[The Lions of the Lord by Harry Leon Wilson]@TWC D-Link bookThe Lions of the Lord CHAPTER XIV 15/25
A moment so, then he fell back upon the couch, all his body quivering under the ecstasy from her parted lips, his triumphant senses rioting insolently through the gray, cold garden of his vows. She drew a little back, her hands resting on his shoulders, and he saw again the firelight shining in her eyes and upon her lips.
Yet the eyes were now lighted with a strange, sad reluctance, even while the mutinous lips opened their inciting welcome. He was floating--floating midway between a cold, bleak heaven of denial and a luring hell of consent; floating recklessly, as if careless to which his soul should go. His gaze was once more upon her face, and now, in a curiously cool little second of observation, he saw mirrored there the same conflicting duality that he knew raged within himself.
In her eyes glowed the pure flame of fear and protest--but on her mad lips was the curl of provocation.

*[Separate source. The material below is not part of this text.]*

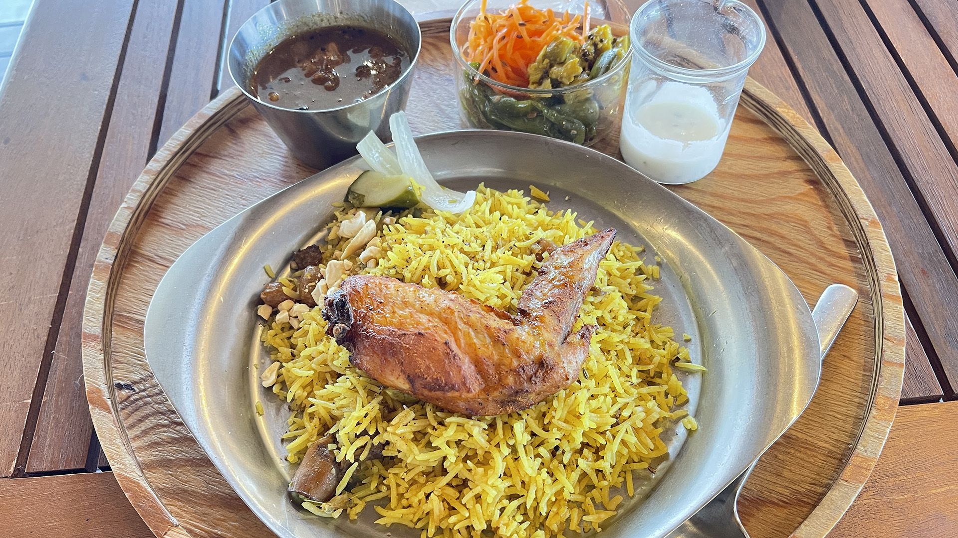 三条スパイス研究所は結構本格的なカレーです。 酸っぱい付け合わせも美味。

And as the man in him had waited carelessly, in a sensuous luxury of unconcern, for his soul to go where it might--far up or far down--so now the woman waited before him in an incurious, unbiassed calm--the clear eyes with their grave, stern "_No_!"-- the parted lips all but shuddering out their "_Yes_!" Still he looked and still the leaning woman waited--waited to welcome with impartial fervour the angel or the devil that might come forth. And then, as he lay so, there started with electric quickness, from some sudden coldness of recollection, the image of Prue.
Sharp and vivid it shone from this chill of truth like a glittering star from the clean winter sky outside.